At dawn the sound of gathering multitudes
Led to the prison bars her dreading eye.
What spectacle invites
The growing multitude,
That torrent-like they roll along?
Boys and grey-headed age; the Mother comes
Leading her child, who at arm’s length
Outstripping her, looks back
And bids her hasten more.
Why does the City pour her thousands forth?
What glorious pageantry
Makes her streets desolate, and silences
Her empty dwellings? comes the bridal pomp,
>
And have the purveyors of imperial lust
Torn from their parents arms again
The virgin beauties of the land?
Will elephants in gilded cages bear
The imprisoned victims? or may yet their eyes
With a last look of liberty, behold
Banners and guards and silk-arched palanquins.

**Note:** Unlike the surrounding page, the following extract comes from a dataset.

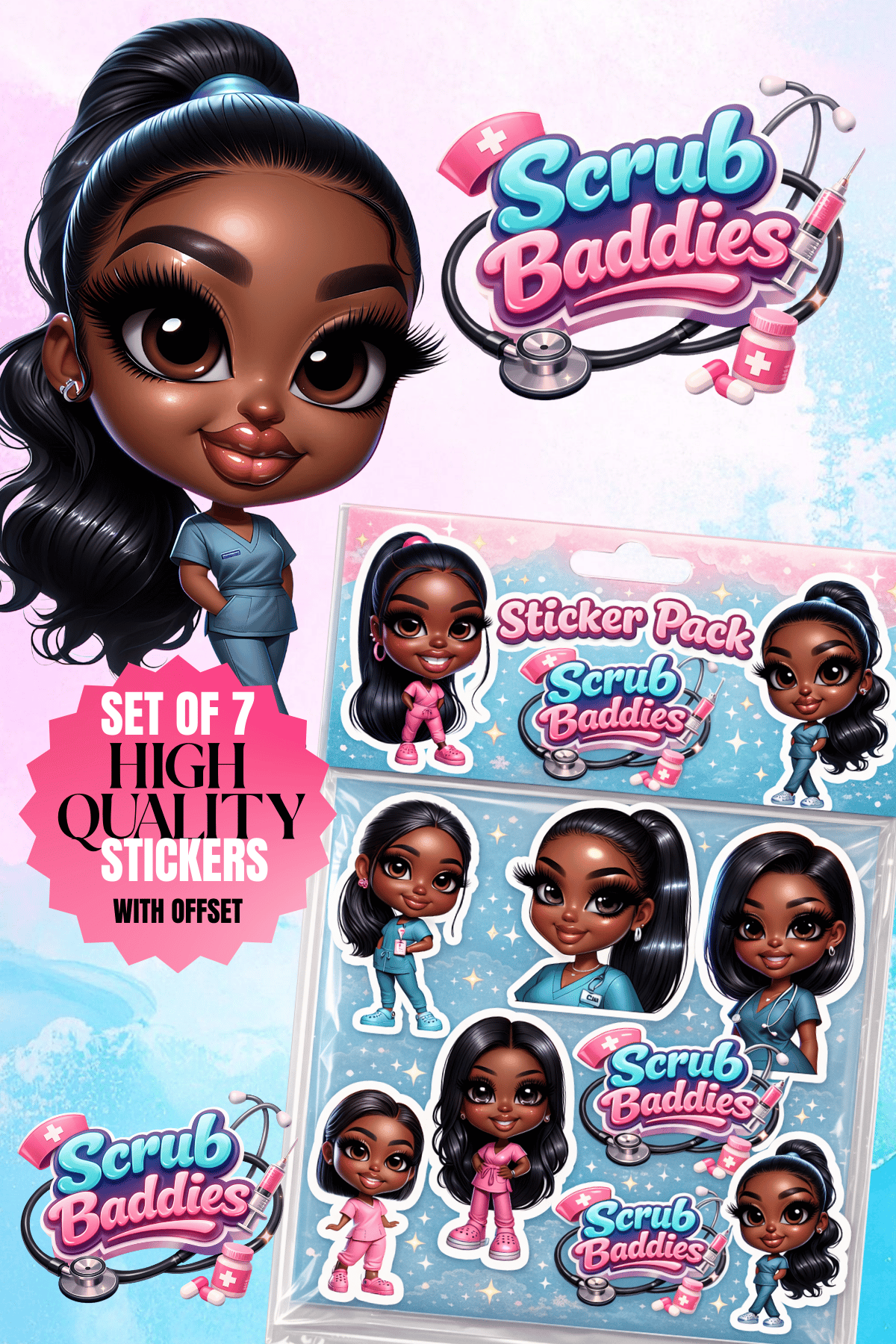 Scrub Baddies 2 Chibi Black Girl Stickers – 7 High-Quality PNGs + 1 Logo Images

The long procession, and the gorgeous pomp
Of their own sacrifice?
On the house tops and in the windows ranged
Face above face, they wait
The coming spectacle;
The trees are clustered, and below the dust
Thro’ the thronged populace
Can find no way to rise.
He comes! the Sultan! hark the swelling horn,
The trumpet’s spreading blair,
The timbrel tinkling as its silver bells
Twinkle aloft, and the shrill cymbal’s sound,
Whose broad brass flashes in the morning sun
Accordant light and music! closing all
The heavy Gong is heard,
That falls like thunder on the dizzy ear.

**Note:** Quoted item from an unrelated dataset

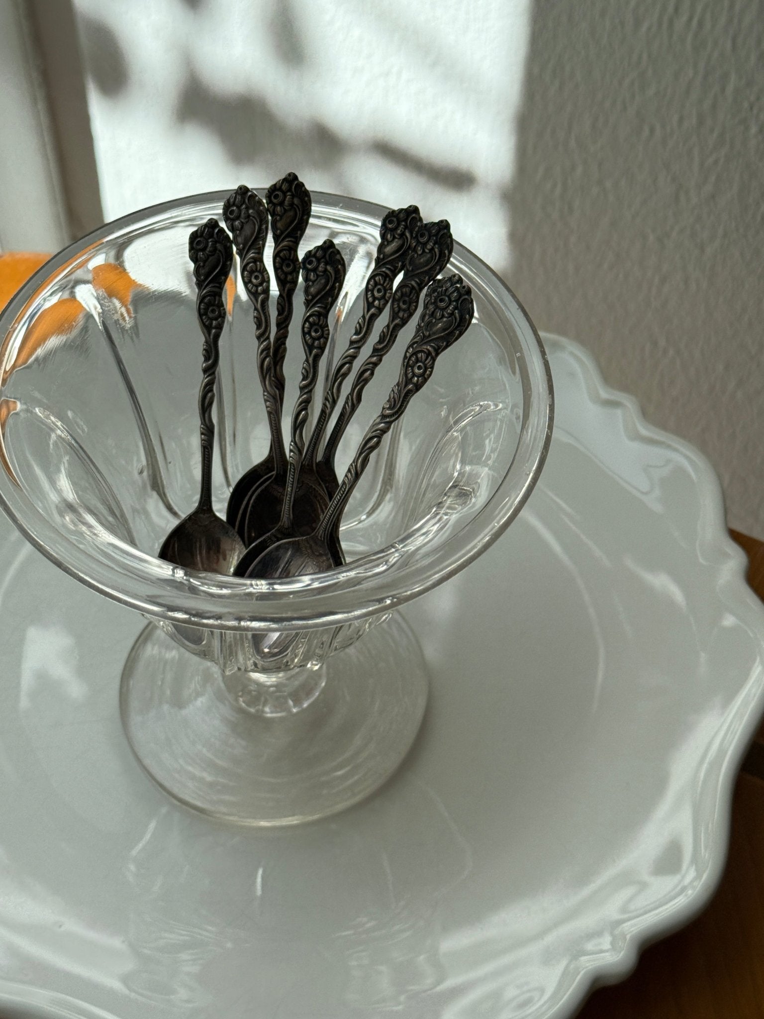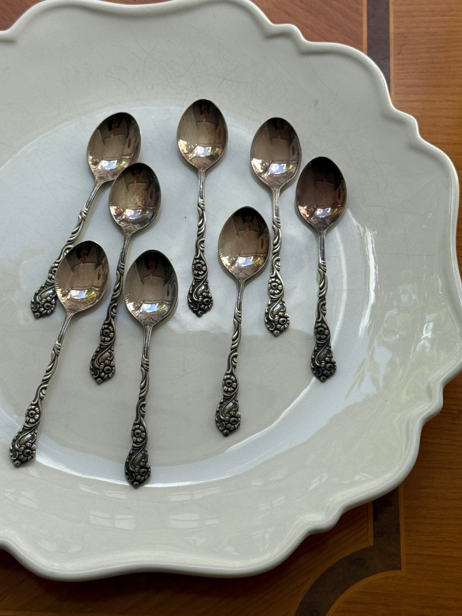 Beautiful small teaspoons with floral decoration. 10 pcs available, price is per piece.

On either hand the thick-wedged crowd
Fall from the royal path.
Recumbent in the palanquin he casts
On the wide tumult of the waving throng
A proud and idle eye.
Now in his tent alighted, he receives
Homage and worship. The slave multitude
With shouts of blasphemy adore
Him, father of his people! him their Lord!
Great King, all-wise, all-mighty, and all-good!

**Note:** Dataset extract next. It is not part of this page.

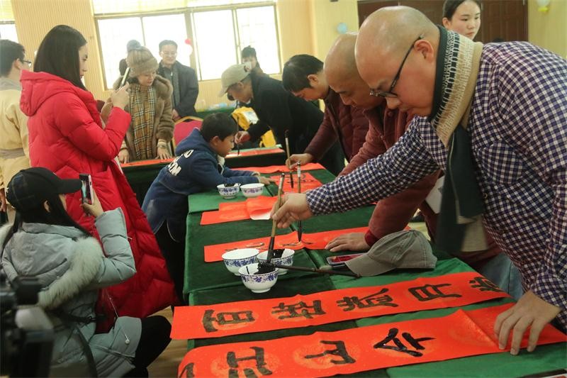 郴州九三学社书法家现场挥毫,为当地群众写春联,送祝福,吸引着不少社员、群众参与其中,这些个性春联也深受当地群众欢迎,不少人都希望能领回一幅春联,迎接来年的好运。

Whose smile was happiness, whose frown was death,
Their present Deity!
With silken cords his slaves
Wave the silk fan, that waving o’er his head
Freshens the languid air.
Others the while shower o’er his robes
The rose’s treasured sweets,
Rich odours burn before him, ambergrese,
Sandal and aloe wood,
And thus inhaling the voluptuous air
He sits to watch the agony,
To hear the groan of death.
At once all sounds are hushed,
All eyes take one direction, for he comes,
The object he of this day’s festival,
Of all this expectation and this joy,
The Christian captive. Hark! so silently
They stand, the clanking of his chain is heard.
And he has reached the place of suffering now.